"What a satiety yes, Dek. May Joseph always be devoted to Mother. Look, you've sacrificed your life for you!" Mas Dikha rubbed Joseph's cheek sincerely.
"Aamiin, Insha Allah Aby," I answered representing.
"Let's...! thank you for choosing Mas to be a husband, Nai. Although Mas knows, it's not appropriate that it befall you," he regretted.
Quickly I clasped his hand, so that he would not remember it again. "Mas, let it be the past. I'm sure God will forgive us as long as we intend to be better people" I said. Do not want to, see him continue to lament the mistakes that have already occurred.
"Now that we focus on Joseph's future, I love you, Mas. With or without it" I said honestly.
"Thank you, Honey. I'm a hypocrite, my fear has blinded the eyes of my heart" she said, kissing the back of my hand.
I nodded, for me now is making a change. Of course, all of that must be with passionate feelings and support each other.
A while passed, Joseph fell asleep again, and tonight was the first night we slept together. We laid our bodies on the bed, but we were still silent. Don't know what's on Mas Dikha's mind. Could it be that He wants me like the night of newly married people or not.
Self-conscious, if I am not a virgin anymore. Must be bland. Ah, I don't know my mind is foggy. Everywhere I think of something unclear. Traveling to the land of disputants.
Suddenly Mas Dikha took a tilted position towards me which was unconsciously jolted a little.
"I'm sorry, Mom," I said I didn't want him to be prejudiced.
But I myself would feel guilty for that, it would take a long time for a man to be in this moment. Where all men in the face of the earth always wait for his wife wants him to worship.
"No, Mom," I said. "Just do it, because it's my duty" I'm sure. I'm also one of those women who wants to get ridho from her husband. Obedient and filial I must do with sincerity and whole heart.
Mas Dikha developed a smile again, it seems like he is happy for my words.
"SubhanaLah, really this is the most beautiful gift can get a woman who is Sholehah. Likes willing to give it without being asked," he said full of amazement.

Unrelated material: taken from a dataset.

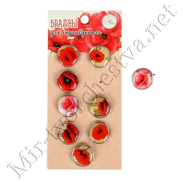 Брадсы для скрапбукинга "Красные цветы" (набор 9 шт. 1,9 см ) 14х6,5 см 1226227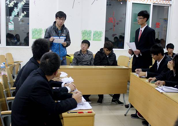 首先进行的开篇立论,正、反方一辩开门见山地阐述了各自的观点,接下来的攻辩环节,正、反方二、三辩选择对方二、三辩进行一对一攻辩,双方你来我往,场上火药味十足。在攻辩小结,双方一辩对刚才的攻辩进行总结,并指出了对方言辞中出现的漏洞,同时巩固本方的观点。在自由辩论环节中双方都旁征博引结合各种事例论证自己的观点,双方的精彩表现赢得观众阵阵掌声。最后,双方进行总结陈词,双方四辩总结对方的错误,重申本方的观点。最终,经过评委的裁定,电信1332班获得辩论赛冠军,电铁1334班杨小慧同学获最佳辩手称号。

We also sat down together. Slowly but surely, Mas Dikha started by touching my shoulder and then leading the prayer before the sacred ritual.
But no matter how calm I am, I cannot deny that I am very nervous. My breath felt heavy, even I had trouble neutralizing it.
"Don't be tense, we do it slowly" he said, after the recitation of the prayer that we said was over. Begging that our relationship is always in His protection from something bad.
Mas Dikha uncovers my hair that is tied up, then slips in the neckline. Oh God, I feel washed away, this is a new experience. Although Mas Dikha had done it, but not as sincere. I can feel it at every touch.
Mas Dikha moved, our lips fused together and the new sensation grew more and more. Uniting a beautiful contest but a blessing, also full of enjoyment in it. The emptiness of our hearts is now filled with each other through body movements that are increasingly resigned in the confines of love. This body, already not embarrassed like before after only leaving the friction of the skin that was released from the cover.